**Problem**: In the entries that follow, find the line containing "Die Umweltverträglichkeitsuntersuchung (UVU)" and the line containing "Blue agate is", then copy exactly everything from the first through the second except the pictures.

**Record extracts**:
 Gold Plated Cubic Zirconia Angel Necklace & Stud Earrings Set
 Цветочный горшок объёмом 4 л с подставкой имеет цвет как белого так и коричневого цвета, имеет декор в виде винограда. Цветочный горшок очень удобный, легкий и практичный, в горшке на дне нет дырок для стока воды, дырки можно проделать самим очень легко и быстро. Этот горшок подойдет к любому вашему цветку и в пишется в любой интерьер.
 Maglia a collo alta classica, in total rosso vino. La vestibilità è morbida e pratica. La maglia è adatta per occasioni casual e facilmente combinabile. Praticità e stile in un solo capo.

* * *

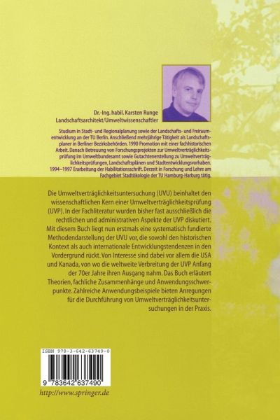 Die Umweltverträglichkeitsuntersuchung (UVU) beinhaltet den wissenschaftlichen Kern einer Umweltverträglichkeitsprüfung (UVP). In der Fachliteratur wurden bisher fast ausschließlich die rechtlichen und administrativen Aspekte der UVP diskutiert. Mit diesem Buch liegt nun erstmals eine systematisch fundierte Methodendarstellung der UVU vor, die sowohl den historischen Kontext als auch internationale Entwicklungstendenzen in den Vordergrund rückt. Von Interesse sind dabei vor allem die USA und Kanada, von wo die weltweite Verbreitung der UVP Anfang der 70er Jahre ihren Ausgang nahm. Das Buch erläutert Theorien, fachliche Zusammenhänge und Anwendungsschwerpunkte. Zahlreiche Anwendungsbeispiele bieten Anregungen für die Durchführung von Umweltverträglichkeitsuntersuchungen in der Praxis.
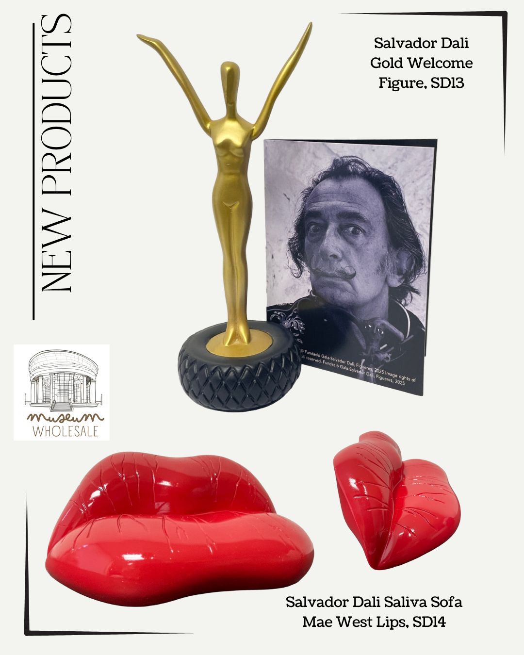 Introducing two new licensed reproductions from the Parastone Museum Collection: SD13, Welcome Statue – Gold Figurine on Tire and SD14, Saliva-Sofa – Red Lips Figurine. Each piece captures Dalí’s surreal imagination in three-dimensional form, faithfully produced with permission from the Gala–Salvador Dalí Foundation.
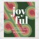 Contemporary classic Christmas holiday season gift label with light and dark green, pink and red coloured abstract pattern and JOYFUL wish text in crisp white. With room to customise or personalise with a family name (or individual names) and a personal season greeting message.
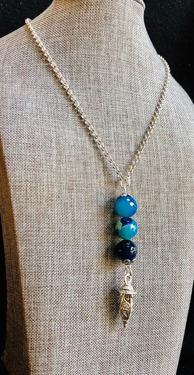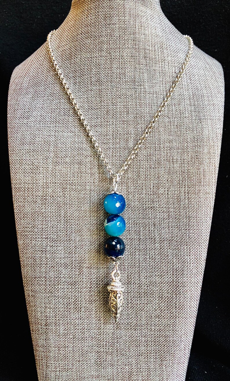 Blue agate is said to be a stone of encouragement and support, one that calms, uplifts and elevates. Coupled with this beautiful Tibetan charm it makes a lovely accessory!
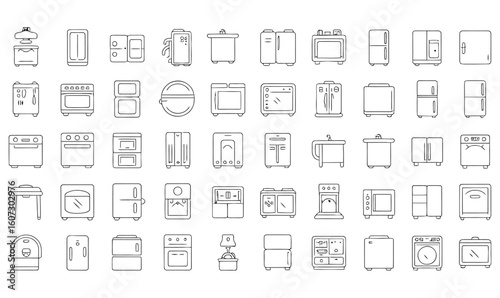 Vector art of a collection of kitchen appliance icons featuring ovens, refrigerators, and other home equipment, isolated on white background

--

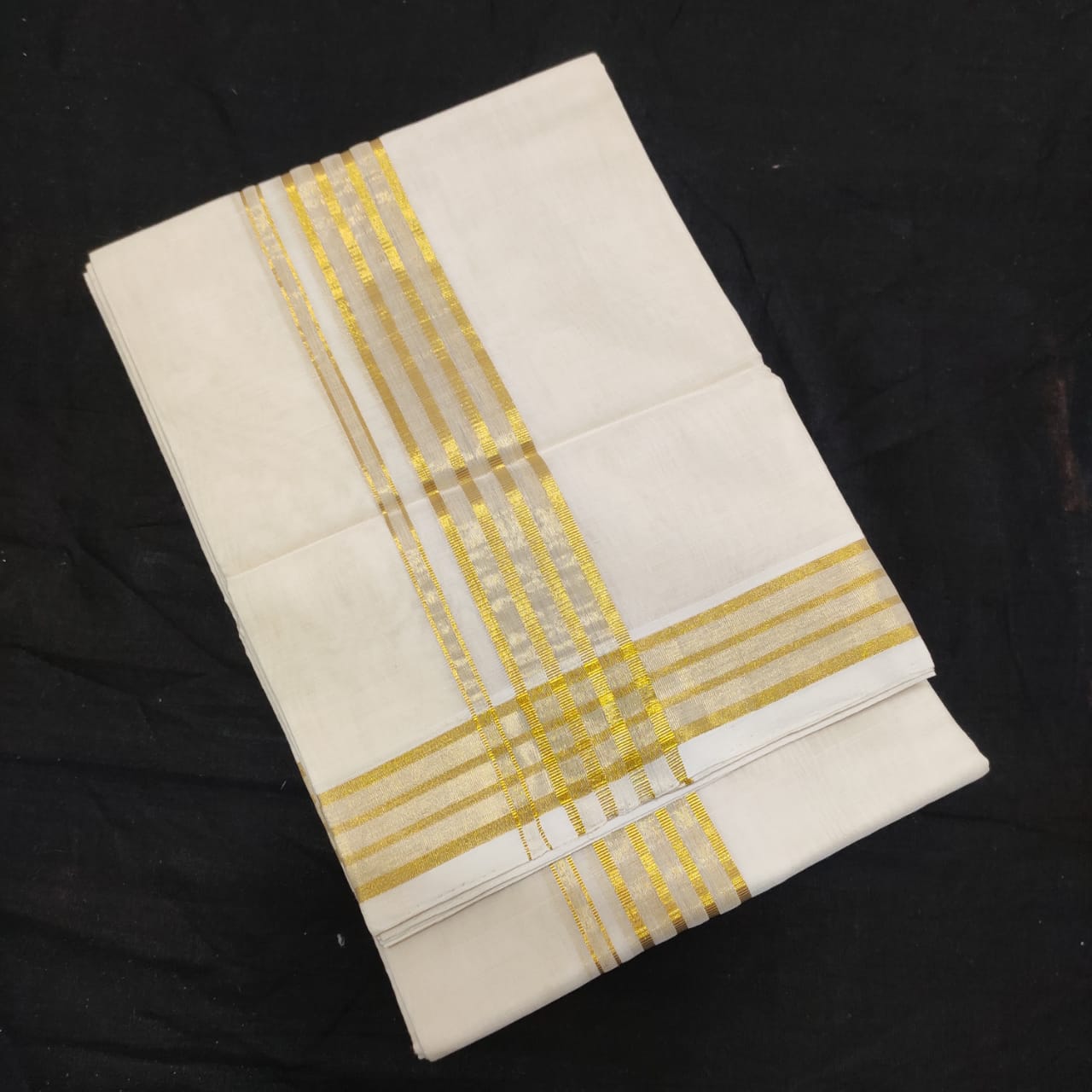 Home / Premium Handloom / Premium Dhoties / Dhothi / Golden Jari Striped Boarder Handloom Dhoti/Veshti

**Response**:
 Die Umweltverträglichkeitsuntersuchung (UVU) beinhaltet den wissenschaftlichen Kern einer Umweltverträglichkeitsprüfung (UVP). In der Fachliteratur wurden bisher fast ausschließlich die rechtlichen und administrativen Aspekte der UVP diskutiert. Mit diesem Buch liegt nun erstmals eine systematisch fundierte Methodendarstellung der UVU vor, die sowohl den historischen Kontext als auch internationale Entwicklungstendenzen in den Vordergrund rückt. Von Interesse sind dabei vor allem die USA und Kanada, von wo die weltweite Verbreitung der UVP Anfang der 70er Jahre ihren Ausgang nahm. Das Buch erläutert Theorien, fachliche Zusammenhänge und Anwendungsschwerpunkte. Zahlreiche Anwendungsbeispiele bieten Anregungen für die Durchführung von Umweltverträglichkeitsuntersuchungen in der Praxis.
 Introducing two new licensed reproductions from the Parastone Museum Collection: SD13, Welcome Statue – Gold Figurine on Tire and SD14, Saliva-Sofa – Red Lips Figurine. Each piece captures Dalí’s surreal imagination in three-dimensional form, faithfully produced with permission from the Gala–Salvador Dalí Foundation.
 Contemporary classic Christmas holiday season gift label with light and dark green, pink and red coloured abstract pattern and JOYFUL wish text in crisp white. With room to customise or personalise with a family name (or individual names) and a personal season greeting message.
 Blue agate is said to be a stone of encouragement and support, one that calms, uplifts and elevates. Coupled with this beautiful Tibetan charm it makes a lovely accessory!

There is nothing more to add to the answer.